Copy all lines below containing "idea".

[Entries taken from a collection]
[Start of Attachment]

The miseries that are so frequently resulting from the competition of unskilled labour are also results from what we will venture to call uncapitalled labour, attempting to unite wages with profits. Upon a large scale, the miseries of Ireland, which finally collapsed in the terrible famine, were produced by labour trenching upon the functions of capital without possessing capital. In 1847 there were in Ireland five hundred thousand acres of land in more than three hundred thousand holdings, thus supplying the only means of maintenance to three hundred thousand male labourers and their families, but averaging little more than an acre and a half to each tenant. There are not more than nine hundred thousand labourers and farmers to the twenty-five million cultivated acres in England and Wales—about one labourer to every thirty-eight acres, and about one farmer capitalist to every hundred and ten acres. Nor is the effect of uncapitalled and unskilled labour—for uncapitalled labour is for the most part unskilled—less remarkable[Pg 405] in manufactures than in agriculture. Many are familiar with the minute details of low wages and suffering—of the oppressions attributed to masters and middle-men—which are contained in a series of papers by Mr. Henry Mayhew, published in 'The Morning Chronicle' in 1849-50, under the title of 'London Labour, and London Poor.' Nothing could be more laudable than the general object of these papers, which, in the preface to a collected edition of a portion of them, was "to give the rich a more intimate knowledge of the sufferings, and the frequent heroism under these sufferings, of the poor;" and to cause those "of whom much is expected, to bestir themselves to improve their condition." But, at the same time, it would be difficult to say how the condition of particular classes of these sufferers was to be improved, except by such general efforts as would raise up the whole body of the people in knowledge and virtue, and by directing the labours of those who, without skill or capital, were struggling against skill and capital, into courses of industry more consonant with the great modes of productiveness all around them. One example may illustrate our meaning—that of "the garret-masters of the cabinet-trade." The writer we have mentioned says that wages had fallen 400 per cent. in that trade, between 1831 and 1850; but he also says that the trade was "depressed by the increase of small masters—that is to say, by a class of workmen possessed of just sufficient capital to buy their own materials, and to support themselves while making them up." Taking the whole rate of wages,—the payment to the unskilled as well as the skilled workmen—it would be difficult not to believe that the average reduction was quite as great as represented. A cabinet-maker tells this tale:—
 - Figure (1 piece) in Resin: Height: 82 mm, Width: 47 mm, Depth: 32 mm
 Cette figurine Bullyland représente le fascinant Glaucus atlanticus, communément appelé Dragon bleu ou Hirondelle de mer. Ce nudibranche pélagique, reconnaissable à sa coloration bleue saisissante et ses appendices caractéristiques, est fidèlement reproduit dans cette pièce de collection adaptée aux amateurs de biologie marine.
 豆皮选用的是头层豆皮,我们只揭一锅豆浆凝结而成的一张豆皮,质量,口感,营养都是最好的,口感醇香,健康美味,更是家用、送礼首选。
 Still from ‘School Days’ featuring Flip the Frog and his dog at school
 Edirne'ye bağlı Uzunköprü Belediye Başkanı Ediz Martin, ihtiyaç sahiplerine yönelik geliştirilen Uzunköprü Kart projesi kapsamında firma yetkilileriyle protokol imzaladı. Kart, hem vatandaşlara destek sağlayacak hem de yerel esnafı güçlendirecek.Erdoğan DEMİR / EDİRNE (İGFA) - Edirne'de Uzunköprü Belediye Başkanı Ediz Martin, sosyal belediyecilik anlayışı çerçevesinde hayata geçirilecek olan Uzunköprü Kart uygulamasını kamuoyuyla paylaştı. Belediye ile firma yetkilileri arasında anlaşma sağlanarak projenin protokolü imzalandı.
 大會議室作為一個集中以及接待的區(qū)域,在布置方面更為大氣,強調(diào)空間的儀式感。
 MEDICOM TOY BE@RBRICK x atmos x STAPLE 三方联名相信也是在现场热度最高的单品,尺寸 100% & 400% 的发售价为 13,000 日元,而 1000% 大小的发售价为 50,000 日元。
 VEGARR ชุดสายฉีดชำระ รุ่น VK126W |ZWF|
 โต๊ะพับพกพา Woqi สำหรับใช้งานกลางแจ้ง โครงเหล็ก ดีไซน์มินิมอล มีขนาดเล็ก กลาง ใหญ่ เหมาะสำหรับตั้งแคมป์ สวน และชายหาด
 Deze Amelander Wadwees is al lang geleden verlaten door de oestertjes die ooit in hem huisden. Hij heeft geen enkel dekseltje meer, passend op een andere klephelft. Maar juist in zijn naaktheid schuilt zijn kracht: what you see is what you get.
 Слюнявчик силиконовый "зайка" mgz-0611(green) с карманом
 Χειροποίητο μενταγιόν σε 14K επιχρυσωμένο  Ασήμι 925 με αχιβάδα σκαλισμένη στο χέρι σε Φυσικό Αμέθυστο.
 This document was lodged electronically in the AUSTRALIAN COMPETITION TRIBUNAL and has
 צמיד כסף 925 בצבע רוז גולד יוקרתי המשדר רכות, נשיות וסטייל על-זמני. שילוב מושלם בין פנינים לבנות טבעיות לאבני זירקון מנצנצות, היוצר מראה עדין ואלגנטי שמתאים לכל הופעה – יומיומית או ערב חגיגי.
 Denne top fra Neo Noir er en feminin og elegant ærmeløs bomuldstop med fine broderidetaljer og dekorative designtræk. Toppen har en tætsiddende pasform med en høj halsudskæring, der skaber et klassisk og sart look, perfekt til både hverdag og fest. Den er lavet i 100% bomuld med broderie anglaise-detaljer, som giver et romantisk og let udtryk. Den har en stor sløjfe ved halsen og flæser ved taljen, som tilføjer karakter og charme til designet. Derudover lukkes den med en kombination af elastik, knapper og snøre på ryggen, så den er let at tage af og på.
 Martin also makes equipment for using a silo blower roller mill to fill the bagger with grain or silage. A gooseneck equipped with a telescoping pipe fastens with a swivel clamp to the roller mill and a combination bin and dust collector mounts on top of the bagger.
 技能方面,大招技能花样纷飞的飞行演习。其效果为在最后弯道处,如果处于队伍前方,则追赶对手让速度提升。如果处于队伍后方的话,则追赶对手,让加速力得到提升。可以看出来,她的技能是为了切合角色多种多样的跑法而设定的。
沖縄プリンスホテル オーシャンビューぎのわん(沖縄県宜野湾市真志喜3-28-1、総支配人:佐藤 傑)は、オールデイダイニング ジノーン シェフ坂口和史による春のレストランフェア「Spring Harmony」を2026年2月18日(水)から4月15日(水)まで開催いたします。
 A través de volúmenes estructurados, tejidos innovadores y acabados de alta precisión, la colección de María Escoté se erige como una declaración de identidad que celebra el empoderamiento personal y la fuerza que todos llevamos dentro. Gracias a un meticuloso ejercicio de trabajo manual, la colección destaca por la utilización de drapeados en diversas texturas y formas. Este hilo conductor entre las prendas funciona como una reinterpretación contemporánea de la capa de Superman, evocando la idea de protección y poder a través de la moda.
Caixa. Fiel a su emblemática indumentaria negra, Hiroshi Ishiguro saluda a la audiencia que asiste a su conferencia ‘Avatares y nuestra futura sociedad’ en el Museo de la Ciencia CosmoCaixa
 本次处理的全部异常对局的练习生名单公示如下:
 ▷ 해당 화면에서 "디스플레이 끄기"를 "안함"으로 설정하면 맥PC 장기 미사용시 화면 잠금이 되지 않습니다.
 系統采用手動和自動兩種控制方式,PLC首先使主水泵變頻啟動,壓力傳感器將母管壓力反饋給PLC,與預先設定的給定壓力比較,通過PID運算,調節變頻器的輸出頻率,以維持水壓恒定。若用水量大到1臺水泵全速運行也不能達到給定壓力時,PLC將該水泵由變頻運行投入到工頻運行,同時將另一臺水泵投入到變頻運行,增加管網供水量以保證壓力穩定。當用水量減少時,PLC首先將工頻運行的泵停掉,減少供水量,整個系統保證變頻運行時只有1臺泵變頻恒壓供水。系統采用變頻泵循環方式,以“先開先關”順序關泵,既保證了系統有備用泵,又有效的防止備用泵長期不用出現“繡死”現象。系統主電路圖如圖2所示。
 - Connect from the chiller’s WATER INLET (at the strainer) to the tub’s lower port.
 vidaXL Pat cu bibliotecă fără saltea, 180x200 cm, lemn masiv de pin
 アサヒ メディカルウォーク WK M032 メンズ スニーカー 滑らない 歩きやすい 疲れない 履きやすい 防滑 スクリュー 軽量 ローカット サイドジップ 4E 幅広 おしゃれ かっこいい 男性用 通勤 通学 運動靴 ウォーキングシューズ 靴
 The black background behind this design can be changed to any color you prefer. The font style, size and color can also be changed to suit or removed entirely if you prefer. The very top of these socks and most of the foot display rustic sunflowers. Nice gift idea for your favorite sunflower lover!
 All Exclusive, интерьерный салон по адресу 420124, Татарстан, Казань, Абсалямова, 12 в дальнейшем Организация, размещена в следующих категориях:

[End of Attachment]

RESULT FOR THIS EXERCISE:
 A través de volúmenes estructurados, tejidos innovadores y acabados de alta precisión, la colección de María Escoté se erige como una declaración de identidad que celebra el empoderamiento personal y la fuerza que todos llevamos dentro. Gracias a un meticuloso ejercicio de trabajo manual, la colección destaca por la utilización de drapeados en diversas texturas y formas. Este hilo conductor entre las prendas funciona como una reinterpretación contemporánea de la capa de Superman, evocando la idea de protección y poder a través de la moda.
 The black background behind this design can be changed to any color you prefer. The font style, size and color can also be changed to suit or removed entirely if you prefer. The very top of these socks and most of the foot display rustic sunflowers. Nice gift idea for your favorite sunflower lover!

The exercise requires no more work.